Garway Hill is a modest elevation (just 366m/1,200ft) in the south-western corner of Herefordshire, miles off most ramblers’ radars. Theirs is the loss, for this bald summit offers unparalleled views across these Welsh Marches, deep into the mountainous parts of South and Mid Wales, to the Shropshire Hills and across to the Malverns.
[1] Start facing the inn (SO464227), turn right. Turn first left and walk this lane into the valley at Trolway. Keep left at the junction and rise steeply to reach another tarred lane coming in from the right.
[2] Use the lower of two field gates on the left, then go ahead to use the corner stile. Walk the left field-edge up to a stile into a lane, along which turn left. Remain with this to the next junction, near the former Sun Inn. Bear right here towards Pontrilas; lovely views unfolding across this tranquil corner of Herefordshire.

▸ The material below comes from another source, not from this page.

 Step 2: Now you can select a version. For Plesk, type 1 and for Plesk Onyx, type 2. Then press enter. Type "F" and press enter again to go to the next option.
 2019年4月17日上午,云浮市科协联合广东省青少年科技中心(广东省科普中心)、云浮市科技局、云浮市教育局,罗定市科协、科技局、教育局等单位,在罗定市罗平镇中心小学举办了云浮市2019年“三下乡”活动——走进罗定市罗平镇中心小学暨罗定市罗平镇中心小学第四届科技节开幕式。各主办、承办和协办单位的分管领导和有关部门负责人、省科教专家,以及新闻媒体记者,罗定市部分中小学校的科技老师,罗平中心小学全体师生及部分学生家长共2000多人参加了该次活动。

Beyond a sharp-right bend, pass above a red-brick bungalow before reaching the next left turn, marked Yew Tree Corner. Turn up this tarred lane, which becomes a farm track, bending right outside the farmhouse boundary. At the nearby waymark post, fork left to a stile onto Garway Hill and head slightly left for the hilltop structure, a WW2 radio tracking station.
Views through 360 degrees from this ancient common-land are astonishing: 70 miles across at least seven counties on crystal clear days. Medieval field-systems corrugate the slopes, whilst wild birds and butterflies abound.
[3] At the trig point pillar, find the face with the baseplate. Facing this, go left on the grassy path to a small patch of gorse in a hundred yards. Fork left here on a path which curves gradually left (southeast), keeping ahead over a junction of paths. Head downhill just to the left of a nearby lower knoll crowned with firs and oaks and with a hollow developing on your left. This route will bring you to a dirt track opposite the gate for ‘Little Adawent’. Turn left to pass the hamlet’s notice-board here at White Rocks. The track becomes tarred and crosses a cattle-grid, before eventually turning sharp left at Keeper’s Cottage.
[4] Obey the fingerpost on the right and drop down the left-hand edge of the pasture to a stile and brook. Follow the waymarks which take you right over two stiles, then up the left edge of a field. Near the top corner look right for a stile a hundred yards along the hedgerow. Use this and walk ahead, hedge on your right, to the slight kink and a stile. Tackle this then head left of the diagonally-opposite corner to another stile. Climb it and keep left along the slope-top to a stile above a farmhouse, then another leading onto the driveway. Walk to the lane.
[5] Go left, then right down Church Lane and turn left in 150 yards to reach the church.
This quirky little building, with its solid detached tower, incorporates one of only half-a-dozen churches in Britain established by the Knights Templar. Some traces of this circular church (based on sepulchres in the Holy Land where the Templars fought their crusades) can be seen outside the current north wall of the nave. This little old monastic community also had a columbarium, or dovecote, which can be seen (on private land) beyond the neighbouring old Church Farm. Strangely, it’s said to have 666 nesting holes.
Use the handgate at the eastern end of the churchyard (just above the greenhouse and by the old village spring) and pass to the left of the ruinous tennis court to a stile and footbridge. Beyond it, climb the steep pasture, passing just left of an old hedge, to a stile through the hedge at the top of the bank. Climb this and turn left, use a field gate and aim right of the cottage to a lane. Turn right to return to The Garway Moon inn.